George Kassimeris, an expert in conflict and terrorism, said attacks on transport links, hotels and bars in Mumbai were "original" and "absolutely shocking".
He said the Islamic extremist group created the "modus operandi" of attacking vulnerable civilian targets with no warning, long-term plans or demands.
Witness accounts that gunmen were looking for US and British nationals suggest they want to grab international attention, he added.
Dr Kassimeris said: "Al Qaida set the blueprint for terrorist operations and now we see different people, different groups in different parts of the world, copying it.
"The underlying theme is to cause as much havoc as possible and this is exactly what has happened in India.
"There is no specific operational or logistical plan, they just want to inflict as much damage and injury as possible.
"The fact they have gone for western targets confirms initial fears these people are out to inflict as much damage as possible."
India has endured a series of terrorist attacks in recent years undertaken by disparate Islamic militants, many based in Pakistan and Bangladesh.
A relatively new extremist group known as Indian Mujahideen has claimed responsibility for several bomb attacks in Mumbai in the past 12 months.

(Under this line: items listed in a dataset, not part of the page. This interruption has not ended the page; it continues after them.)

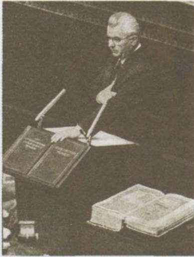
Леонід Кравчук складає присягу Президента України

Одночасно з референдумом відбулися вибори Президента України. Кандидатів на цю посаду висунули партії, рухи, трудові колективи. Центральна виборча комісія зареєструвала сім кандидатів, серед яких найвідомішими були: голова Верховної Ради України Л. Кравчук, голова Львівської обласної ради В. Чорновіл, голова Української республіканської партії Л. Лук'яненко. Незважаючи на відмінності програм, усі кандидати заявляли, що вони виступають за незалежність України.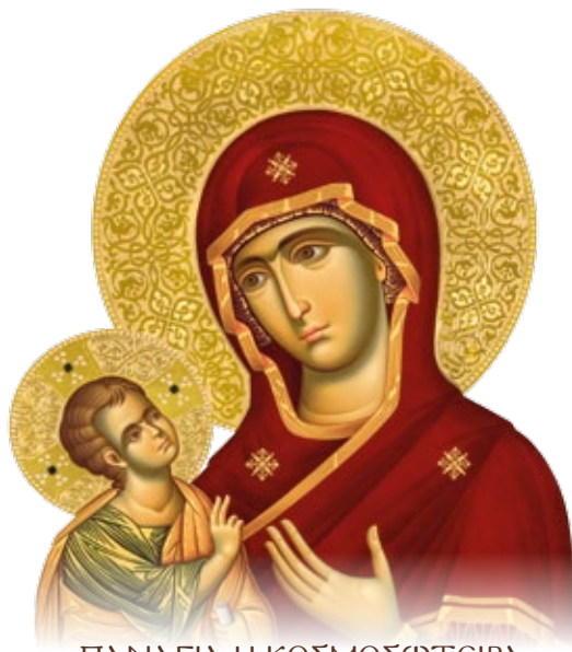
ΠΑΝΑΓΙΑ Η ΚΟΣΜΟΣΩΤΕΙΡΑ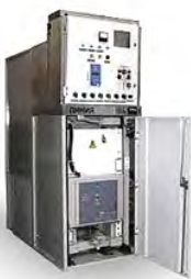
СЕРИИ Р/БЕП (ДВУХСТОРОННЕГО ОБСЛУЖИВАНИЯ)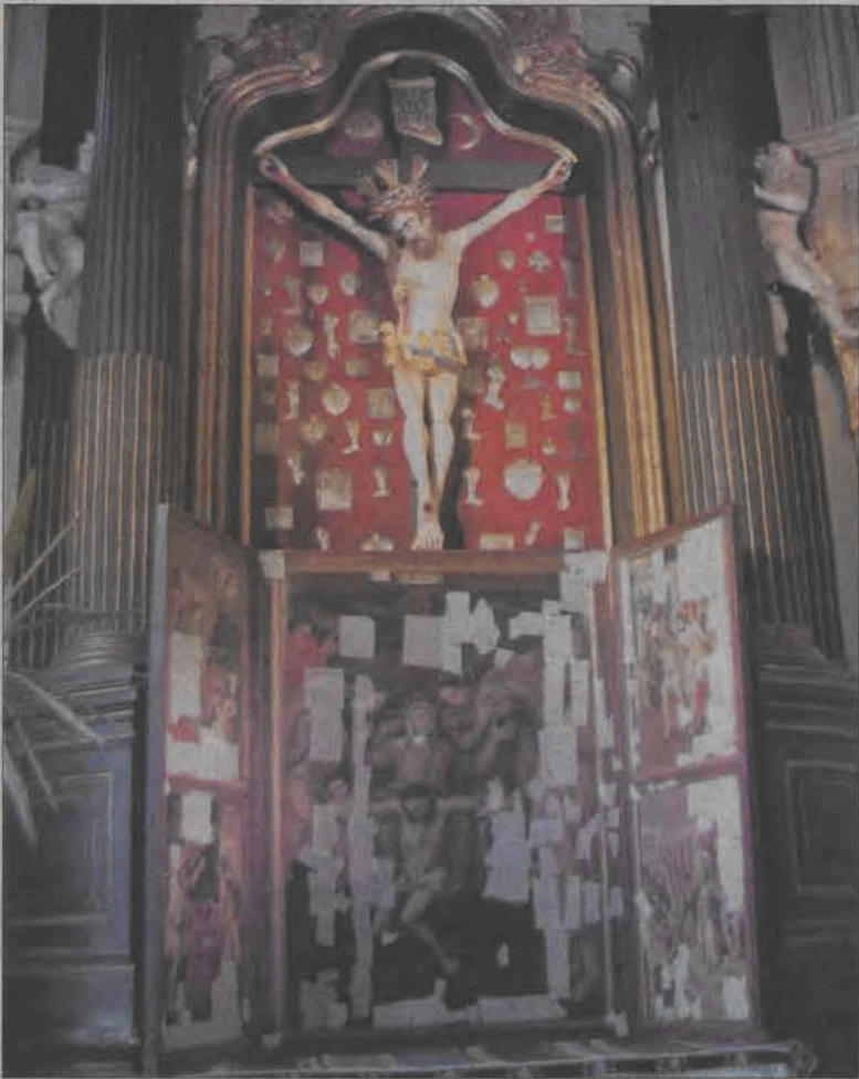
Choć tryptyk zabezpieczony jest taśmami konserwatorskimi, to duża część malowideł jest dobrze widoczna dla zwiedzających łowicką katedrę.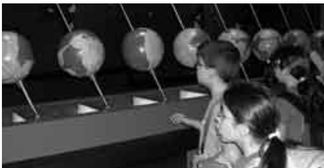
4t de primària al Cosmocaixa

Dr Kassimeris, a senior research fellow at the University of Wolverhampton, said those responsible were likely to be Islamic religious extremists.
He said: "It could be any one of them and it would be foolish to speculate so soon, but I am 99.9% sure there is a religious element to this."

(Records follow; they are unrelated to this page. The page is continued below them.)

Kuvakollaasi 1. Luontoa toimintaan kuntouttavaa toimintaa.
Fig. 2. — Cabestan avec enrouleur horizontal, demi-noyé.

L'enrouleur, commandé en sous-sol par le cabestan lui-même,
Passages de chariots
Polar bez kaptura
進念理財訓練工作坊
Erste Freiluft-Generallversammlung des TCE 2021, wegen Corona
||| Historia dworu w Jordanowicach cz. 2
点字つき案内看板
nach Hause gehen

A message explaining the attacks will probably be published via email or on an extremist website in the near future, the academic said.
He said: "Do not forget the fact that they are attacking high-profile targets means they will get high-profile publicity.
"This is the underlying reason they went for this kind of targets instead of just setting off a bomb in a far-flung suburb of Mumbai.
Dr Kassimeris said the terrorists might have chosen to use guns and grenades because some bomb plots have failed.
He said: "You need expertise to put bombs together. These people went for the straightforward style of terrorist activity. It is very easy and it works – unfortunately."
Another expert compared the attacks to the deadly bombing of the Marriott Hotel in Pakistan's capital Islamabad on September 20.
Professor Richard Bonney, the author of Jihad: From Qu'ran To Bin Laden, said the difference was that in Mumbai there were co-ordinated attacks and Westerners were singled out as hostages.
He said: "This attack looks more dangerous and better planned, though not directed against possible government targets but economic ones and of course the 'Western allies'."
The terrorists are believed to have entered Mumbai by sea, risk forecasters Exclusive Analysis said.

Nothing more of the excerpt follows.